Natural gas, wind, and solar power are all cutting into coal’s profitability, so mining companies are looking for ways to reduce expenses, including reducing clean-up efforts. In their three-part collaboration with Grist and The Texas Tribune, journalists Kiah Collier and Naveena Sadasivam expose the ways the good state of Texas allows coal companies to bypass federal laws about land reclamation in order to save millions in clean-up costs. “Coal companies are required to restore land used for coal mining to the shape it was in before they started digging it up,” Collier and Sadasivam write. This process of reclamation is meant to return mined land to its former condition so people can farm, graze, and even live on it again. Unfortunately, that is not happening.

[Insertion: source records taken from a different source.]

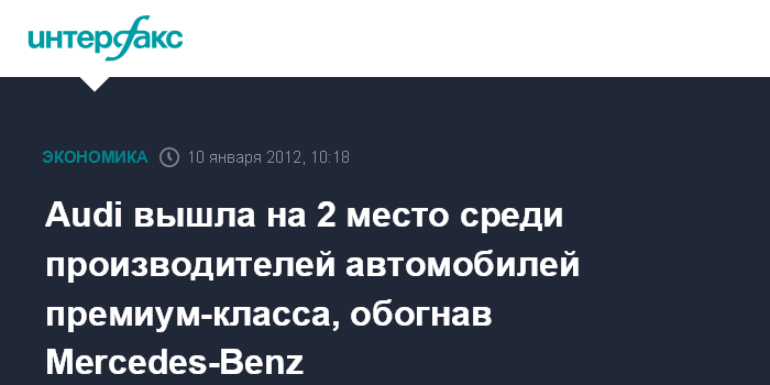 Берлин. 10 января. INTERFAX.RU - Audi AG в 2011 г. вышла на второе место после BMW AG среди крупнейших мировых производителей автомобилей премиум-класса, обогнав Mercedes-Benz, пишет газета The Wall Street Journal.
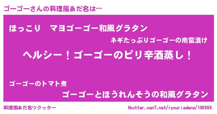 | ヘコむあだ名 | 『ゴーにゅー』『酢こんぶ』『ゴーを』 |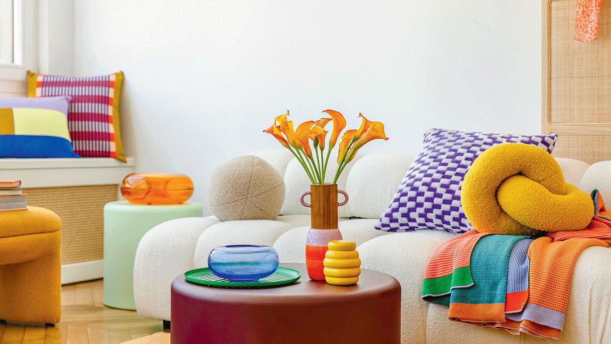 Наполнить квартиру позитивом помогут яркие детали и контрастный декор. Попробуйте, например, использовать россыпь диванных подушек или шторы радостных леденцовых цветов. Также можно поиграть с принтами – яркая клетка или чередование разноцветных кругов отлично вписываются в глобальный дофаминовый тренд. Постеры на стену, небольшие коврики, скатерть, яркая посуда – любой такой акцент может задать интерьеру новое настроение.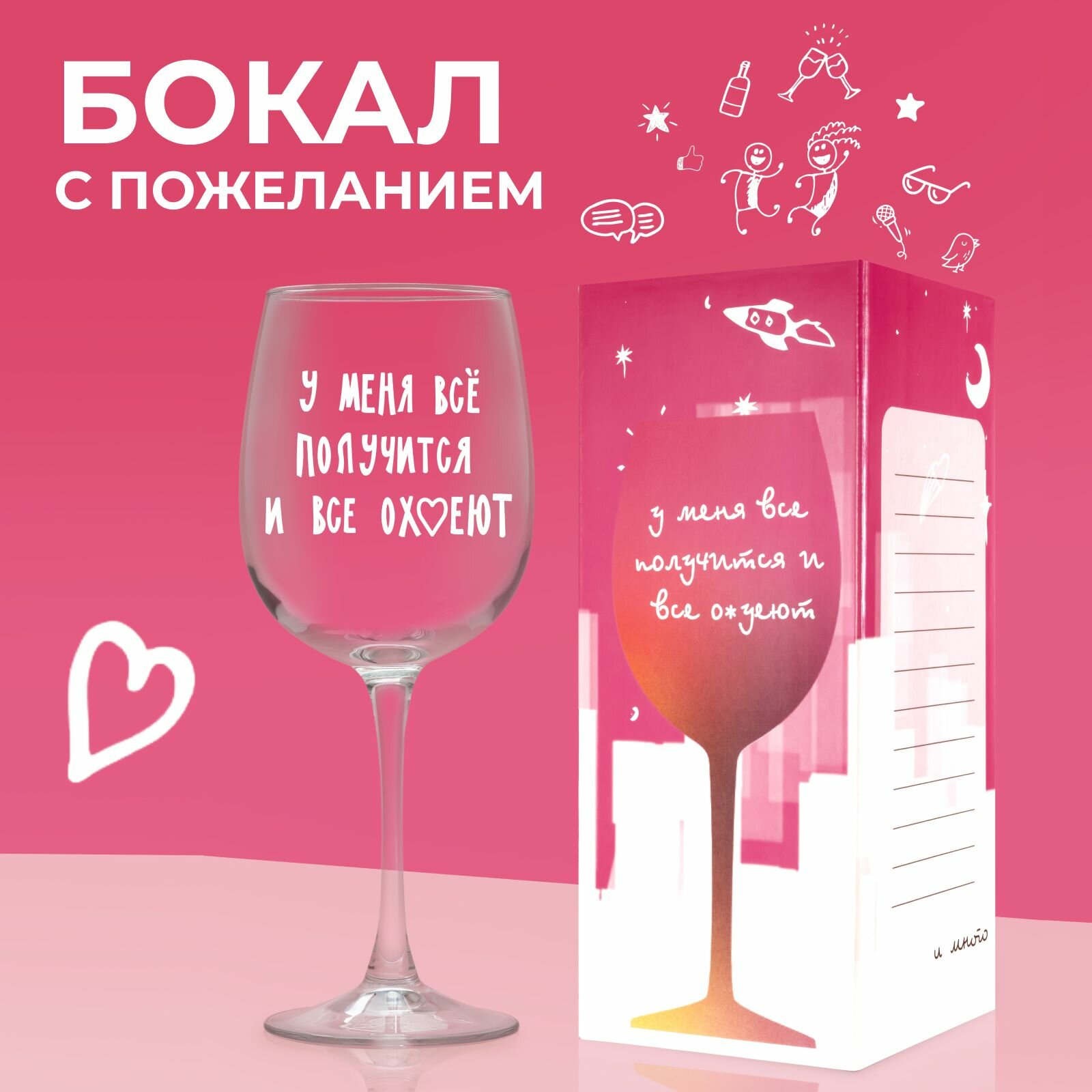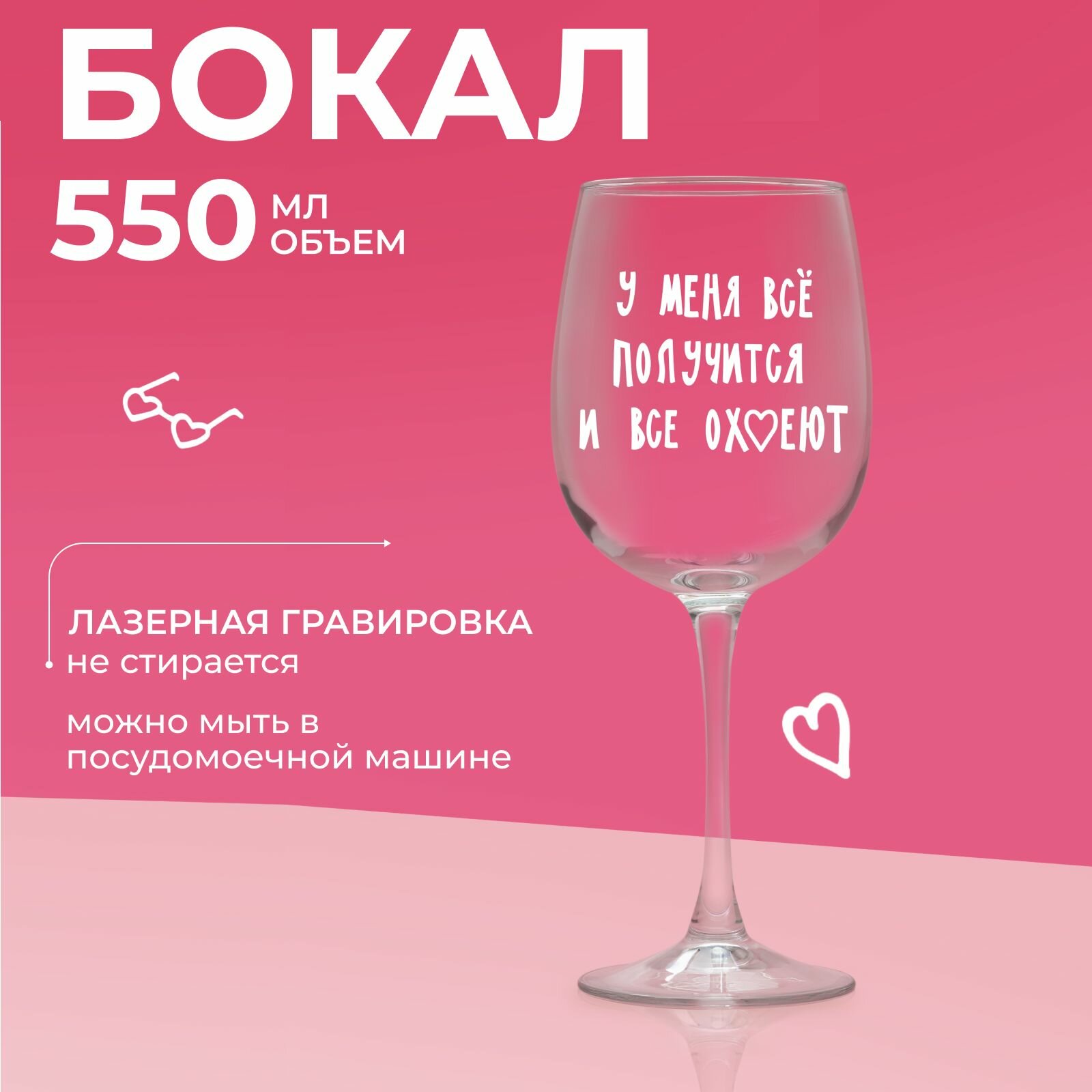 Купить Бокал для вина с надписью "У меня все получится и все ох*еют", собери набор бокалов для вина "много"

One article tells how a company violated its contract and federal law and ruined large swaths of a family’s 25,000-acre ranch. One looks at how the town of Rockdale pinned its hopes to an old coal mine that was not properly restored, land where supposedly “pristine lakes” are actually old waste-water pools. The other article looks at the free land the Luminant coal company gave to Sulphur Springs, in East Texas, who intends to turn it into parkland ─ except the company is trying to avoid properly removing a huge mound of toxic dirt and a large, acidic wastewater pool. Instead, they want to cover the lake with a bit more dirt, even though that has proven ineffective for containing toxins, and the city wants to let them and turn the mound, which locals call Mount Thermo, into seating for an amphitheater, and the lake into a fishing pond. An amphitheater built atop toxic heavy metals! It’s lunacy! It’s also obviously about money. The free land is worth $25 million, and leaving the mess saves the company an estimated $4 million. To sell the idea to the public, interested parties have framed the toxic mound as a “community asset,” a gift from the company. Well, isn’t that swell?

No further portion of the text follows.